Extended Data Fig. 7 4Gy-RT enhances efficacy of PD-1 inhibition by activating club cells.

a, Upper: schematic depicting treatment strategy. CMT-167-bearing mice were treated with IgG or α-PD1 antibody (0.1 mg/mouse, i.p.) at day 11, 14, and 17. Mice also received mock RT or 4Gy-RT at day 11,12 and 13. Lower: tumor growth curves of CMT-167 mice described in upper panel. n=5 mice. IgG vs.4Gy-RT+ α-PD1: P=0.019; IgG vs.α-PD1: NS; IgG vs.4Gy-RT: NS. two-way ANOVA with Tukey’s post hoc test. b, Upper: schematic depicting treatment strategy. CMT-167-bearing mice were treated with naphthalene (200mg/kg, i.p.) at Day 10 to deplete club cells before radiation. From Day11, mice were treated as described in a. lower: tumor growth curves of CMT-167 mice described in upper panel.
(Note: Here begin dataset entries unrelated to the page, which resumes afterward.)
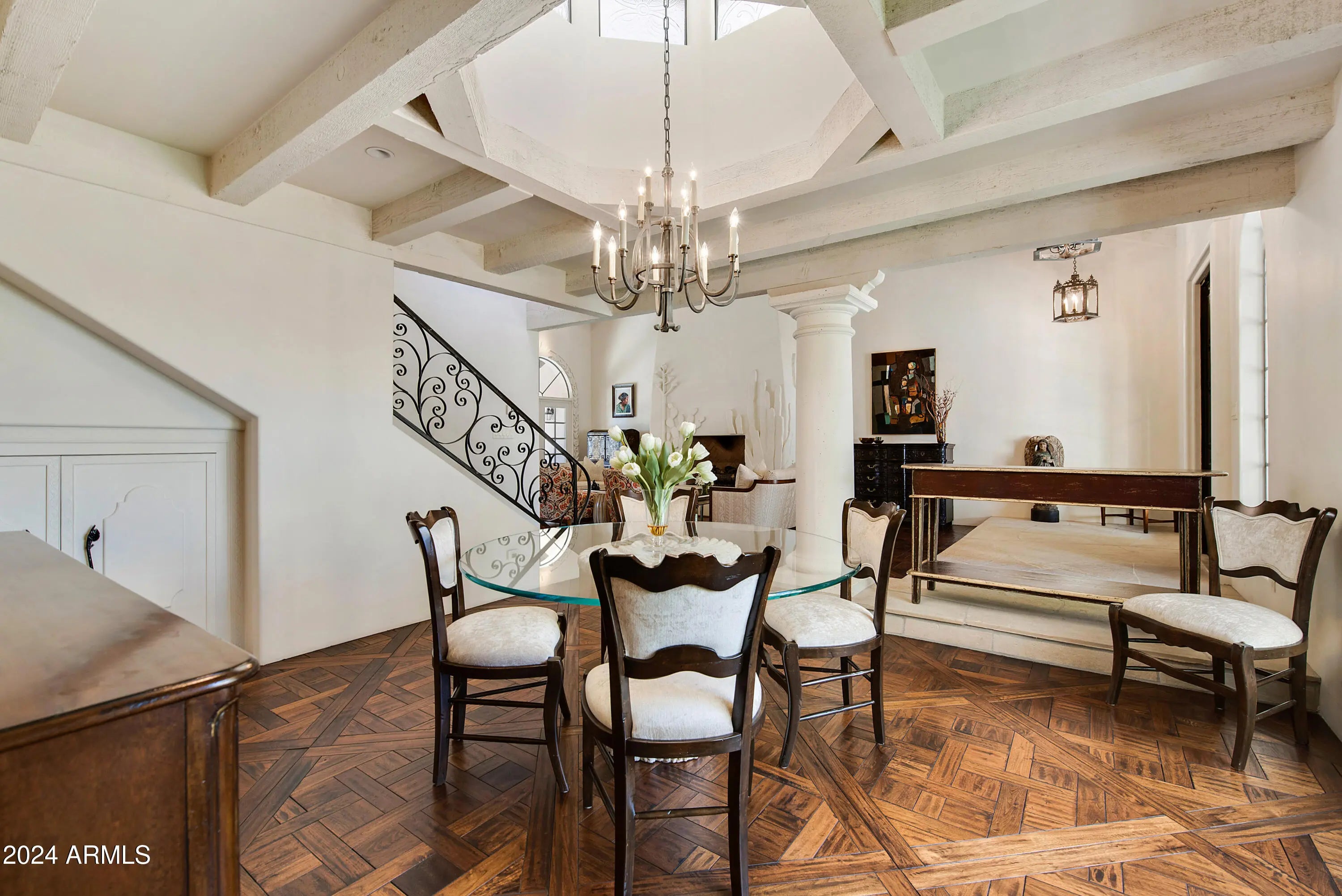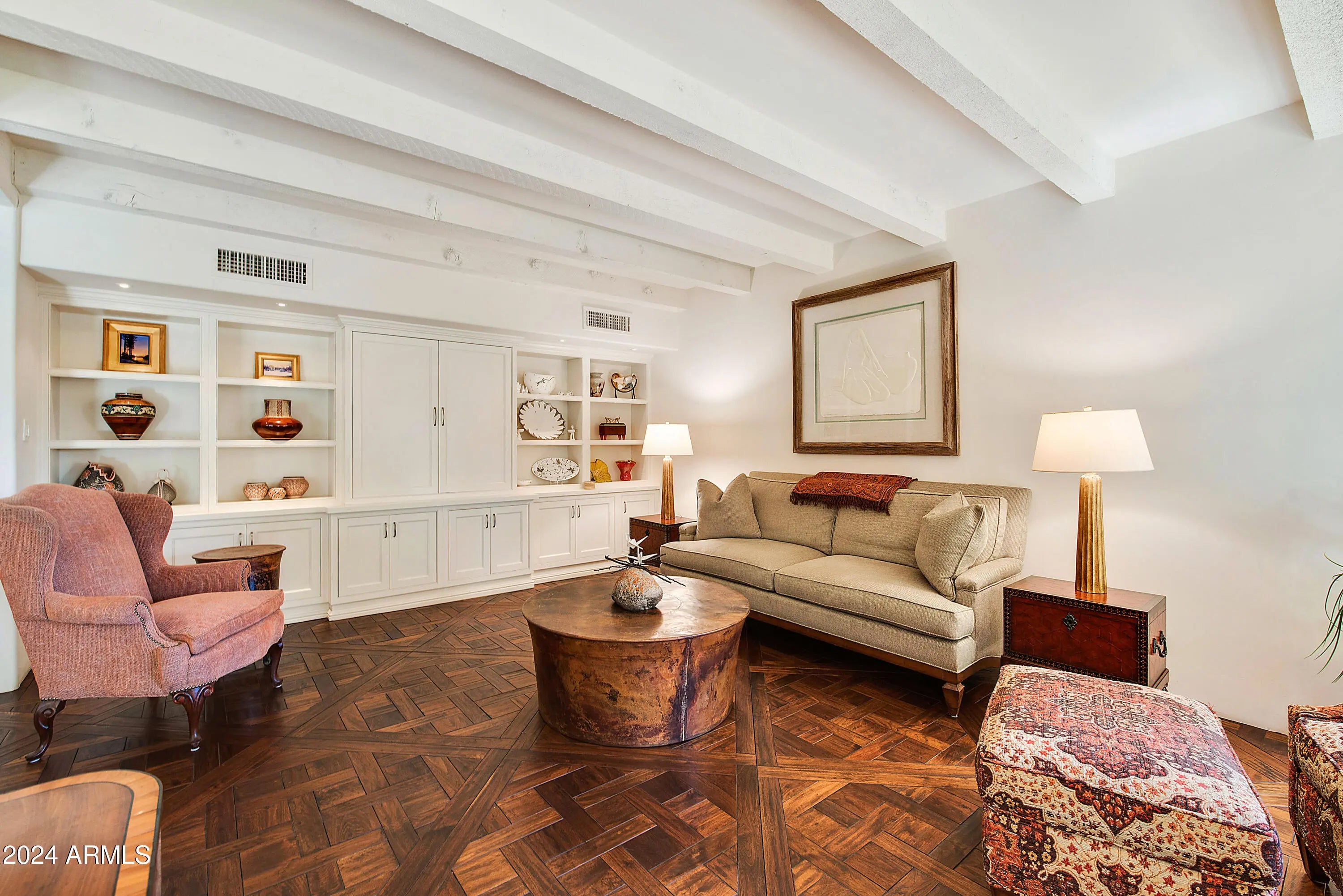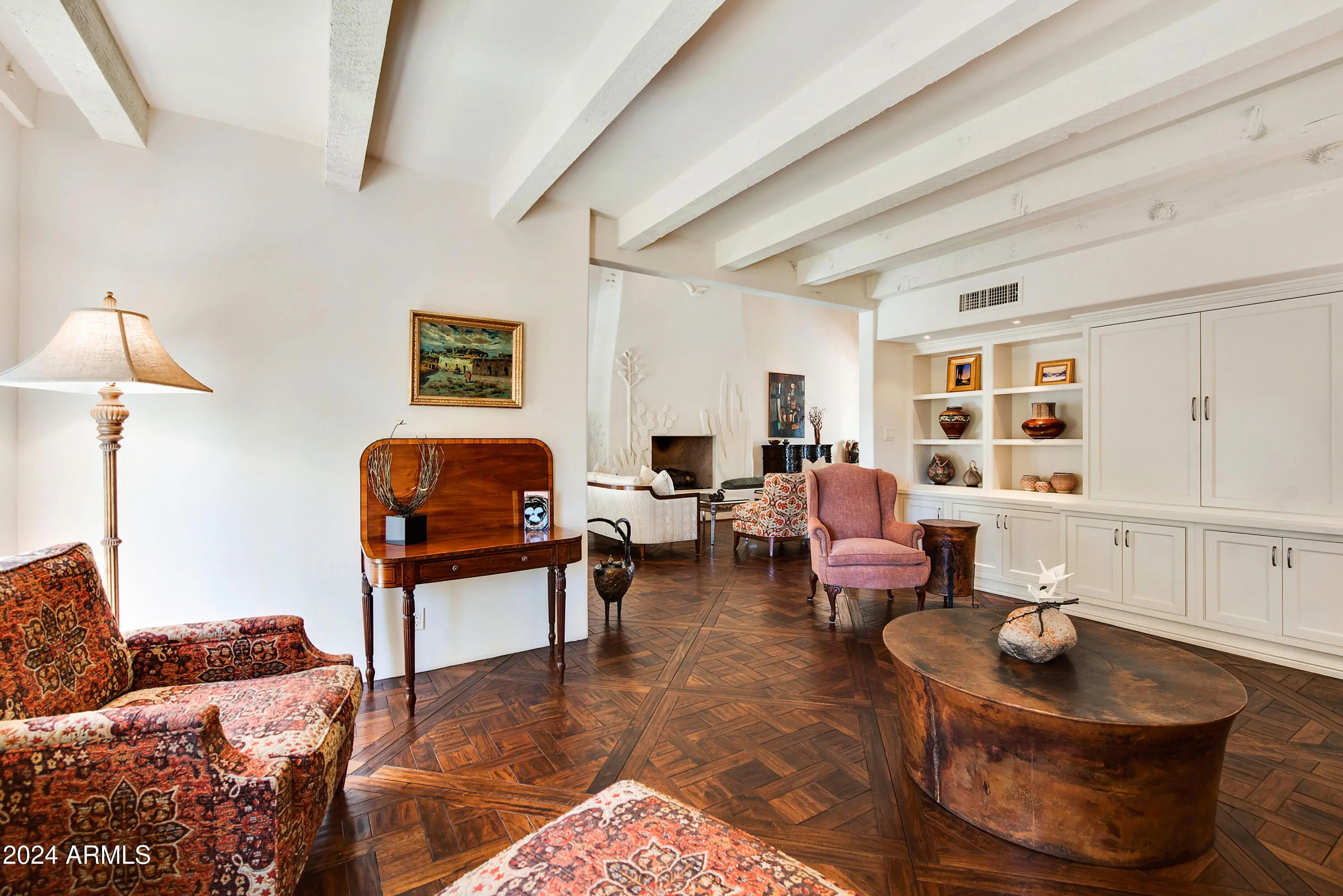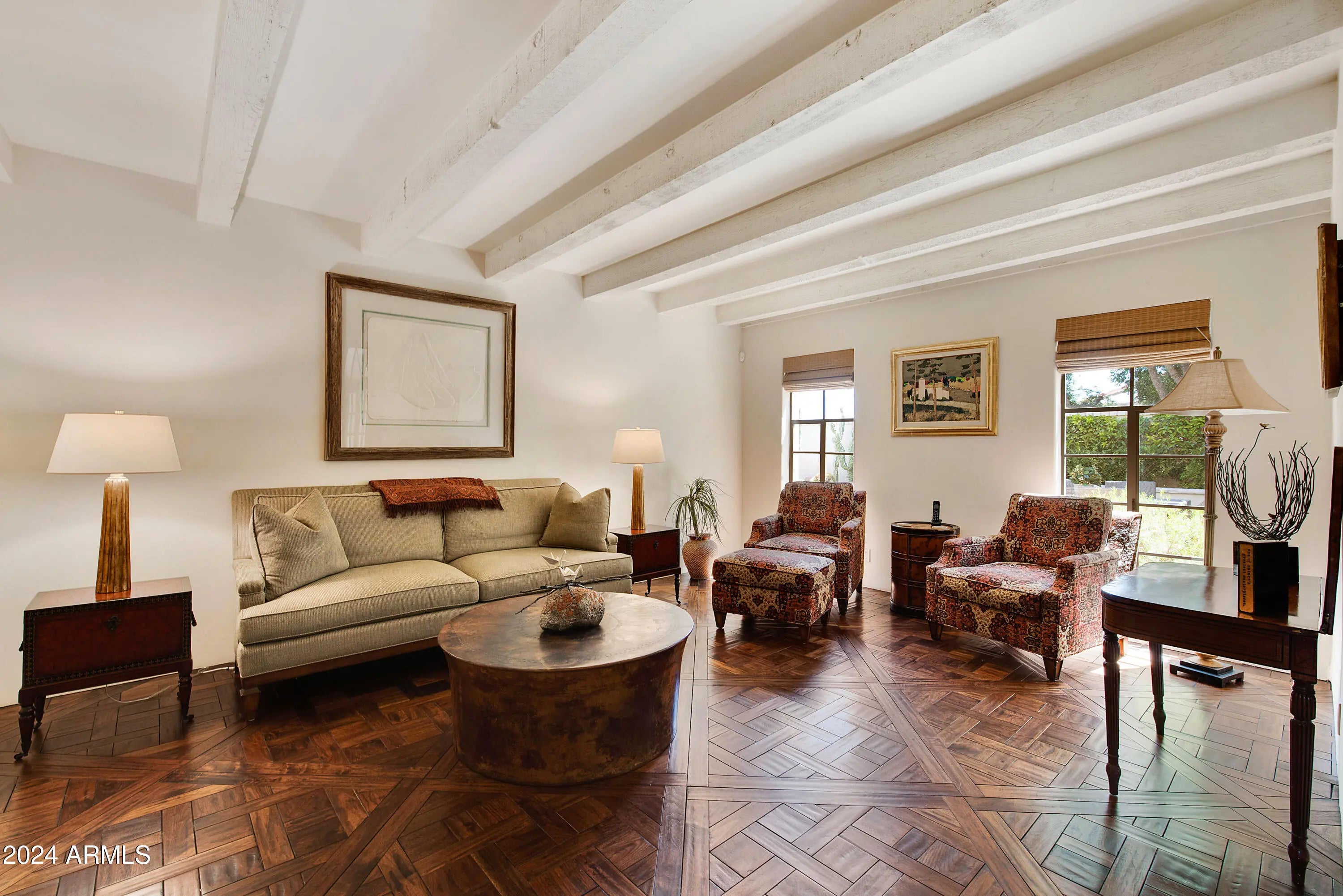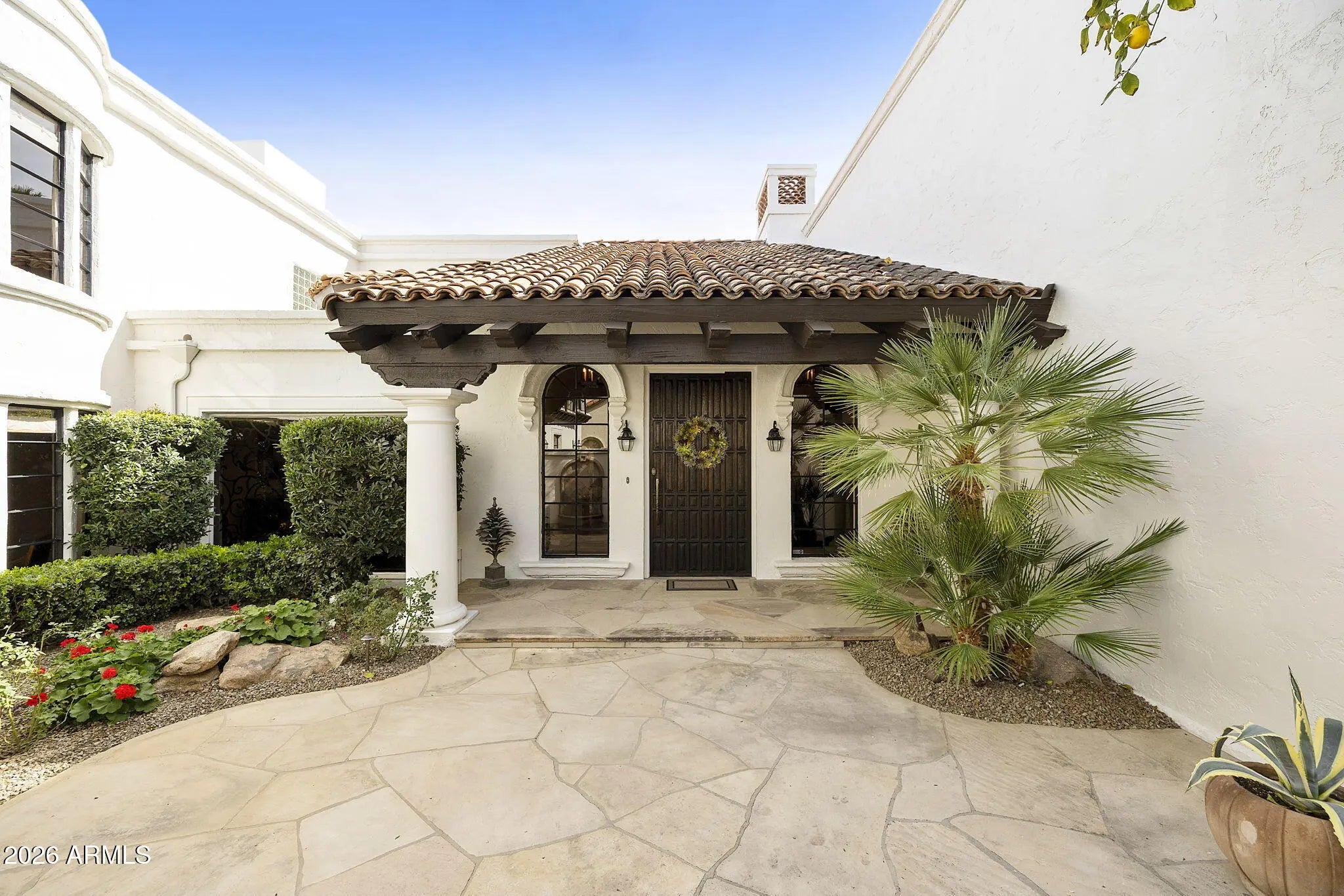 FOR THOSE WHO CHERISH THE FINER DETAILS! Not often will you find a property with the defining character as this home. European yet modern details masterfully & thoughtfully adorn this private treasure. The property offers a prime END location WITH ONLY ONE COMMON WALL. Enchanting SIDE GARDEN with easy & unique street access for all garden and home contractors. Once inside you will enjoy custom designed wood floors, hand crafted iron staircase(s), plank/beam ceilings, fireplace w/dramatic facade, MAIN LEVEL bedroom suite with custom built-ins. Cozy family & living room nestled near the private outdoor area with fireplace, BBQ & newly updated Mediterranean private garden. European kitchen with custom cabinets, center island, top of the line appliances, BRIGHT BAY WINDOW with access to the side garden. This residence offers 4 PRIVATE ensuite bedrooms. Follow the front custom iron staircase to 3 of the guest suites. First owner suite is spacious and private. Cozy fireplace with sitting area. Large shower can be converted to a steam shower. Center guestroom offers a bay window seat and private bath. Additional fourth bedroom suite is bright and spacious. Mountain views, large sitting area, two closets and a private secondary staircase leading to main living area. Space for elevator if important. Amenities offered to Cuernavaca residents include pool and spa. Tennis, pickleball courts. Gym and gathering area. Location is prime, near all that Scottsdale and Paradise Valley offers in shopping, restaurants and outdoor activities. Be a part of the REVIVAL of the SPANISH COLONIAL DESIGN.
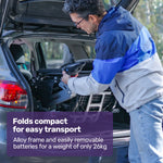 - Product Weight Unfolded: 29kg, Folded: 26kg (with batteries removed)
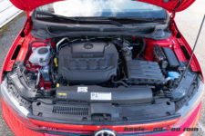Alors que le précédent modèle GTI était motorisé par un moteur TSi 1.4 l turbo qui développait 180 ch, VW prend le contrepied de la tendance au downsizing et propose désormais sa nouvelle version avec un propulseur 4 cylindres de 2.0 l turbo qui gagne 20 chevaux et offre désormais le chiffre rond de 200 ch (147 kW) à 6’000 t/min. Le couple progresse également de 70 Nm, passant à 320 Nm dès 1’500 t/min.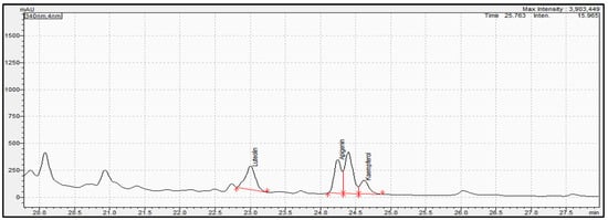 Determination of phenolic compounds performed with the validated analytical method of HPLC-PDA. Figure 7, Figure 8 and Figure 9 show the profile of the phenolic compounds under evaluation for the standard and sample solution at the 340 nm. Luteolin, apigenin, and kaempferol were quantitively determined at 1.30 ± 0.05, 1.43 ± 0.06, and 0.40 ± 0.03 mg/g dry oregano, respectively.

Vehicle (n=5 mice) vs. naphthalene (n=4 mice): **P=0.0031. Two-way ANOVA with Holm-Sidak’s multiple comparisons test. c. Upper: schematic depicting treatment strategy. Mice bearing HKP1 subcutaneous tumor were treated with IgG or α-PD1 antibody (0.2 mg/mouse, i.p.) at day 14, 17, and 21. Mice also received mock RT or 4Gy-RT at day 14,15 and 16. Lower: tumor growth curves of HKP1 mice described in upper panel. Data are mean ± SEM. n=5 mice. α-PD1 vs.4Gy-RT+ α-PD1: P=0.99, ns, non-significant. Two-way ANOVA with Tukey’s post hoc test. d, HKP1 subcutaneous tumor weights. HKP1 subcutaneous tumors were dissected at Day30. Data are mean ± SEM. IgG and 4Gy-RT: n=4; α-PD1 and 4Gy-RT+α-PD1: n=5 mice. α-PD1 vs.4Gy-RT+α-PD1: P=0.99(ns). One-way ANOVA with Sidak’s multiple comparison test.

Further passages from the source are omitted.